─── Excerpted data ───

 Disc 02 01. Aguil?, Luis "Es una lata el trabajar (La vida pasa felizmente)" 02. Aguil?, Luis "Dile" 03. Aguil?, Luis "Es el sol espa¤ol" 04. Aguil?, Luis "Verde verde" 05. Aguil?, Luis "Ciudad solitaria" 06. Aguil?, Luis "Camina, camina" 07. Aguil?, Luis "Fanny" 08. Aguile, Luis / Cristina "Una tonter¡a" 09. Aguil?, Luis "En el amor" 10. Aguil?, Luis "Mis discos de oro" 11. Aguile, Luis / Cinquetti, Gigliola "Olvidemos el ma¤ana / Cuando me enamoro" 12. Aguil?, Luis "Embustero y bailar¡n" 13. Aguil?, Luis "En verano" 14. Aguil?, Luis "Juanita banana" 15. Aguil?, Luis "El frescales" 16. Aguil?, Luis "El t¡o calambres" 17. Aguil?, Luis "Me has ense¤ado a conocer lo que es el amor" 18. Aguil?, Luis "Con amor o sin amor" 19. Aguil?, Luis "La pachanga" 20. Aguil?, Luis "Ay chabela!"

───
─── Excerpted data ───

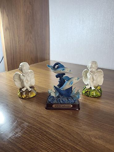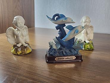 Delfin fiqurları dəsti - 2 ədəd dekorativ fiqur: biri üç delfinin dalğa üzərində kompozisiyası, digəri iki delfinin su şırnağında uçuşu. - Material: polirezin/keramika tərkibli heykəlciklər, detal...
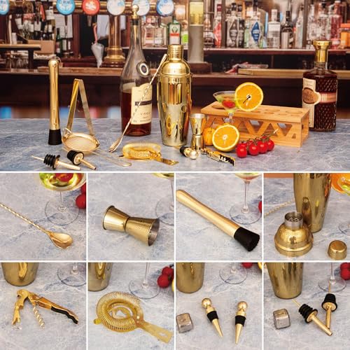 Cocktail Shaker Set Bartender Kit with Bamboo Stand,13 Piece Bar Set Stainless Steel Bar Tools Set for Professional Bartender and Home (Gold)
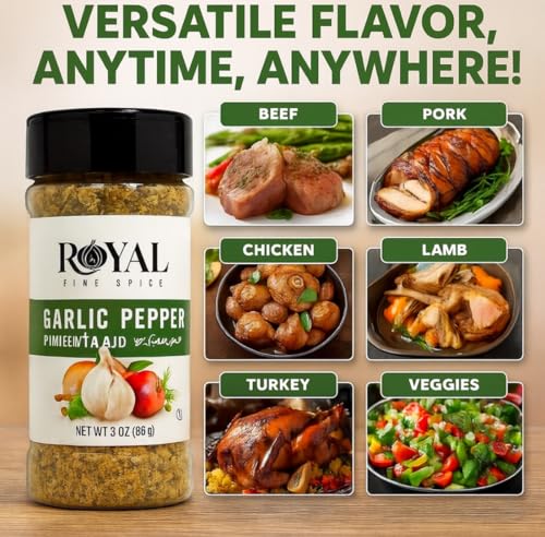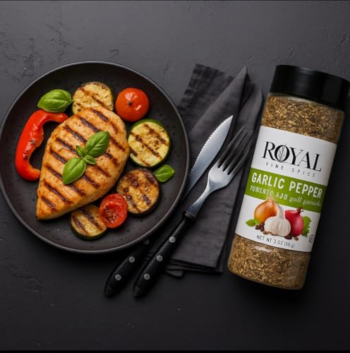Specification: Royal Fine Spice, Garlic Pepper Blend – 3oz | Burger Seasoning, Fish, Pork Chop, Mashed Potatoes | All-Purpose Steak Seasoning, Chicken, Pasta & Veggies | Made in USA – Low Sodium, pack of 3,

───

### Your task
Between and including the line with "Delfin fiqurları dəsti" and the line with "Specification: Royal Fine", repeat every line exactly as it appears above, with pictures left out.

### Answer to this task
 Delfin fiqurları dəsti - 2 ədəd dekorativ fiqur: biri üç delfinin dalğa üzərində kompozisiyası, digəri iki delfinin su şırnağında uçuşu. - Material: polirezin/keramika tərkibli heykəlciklər, detal...
 Cocktail Shaker Set Bartender Kit with Bamboo Stand,13 Piece Bar Set Stainless Steel Bar Tools Set for Professional Bartender and Home (Gold)
Specification: Royal Fine Spice, Garlic Pepper Blend – 3oz | Burger Seasoning, Fish, Pork Chop, Mashed Potatoes | All-Purpose Steak Seasoning, Chicken, Pasta & Veggies | Made in USA – Low Sodium, pack of 3,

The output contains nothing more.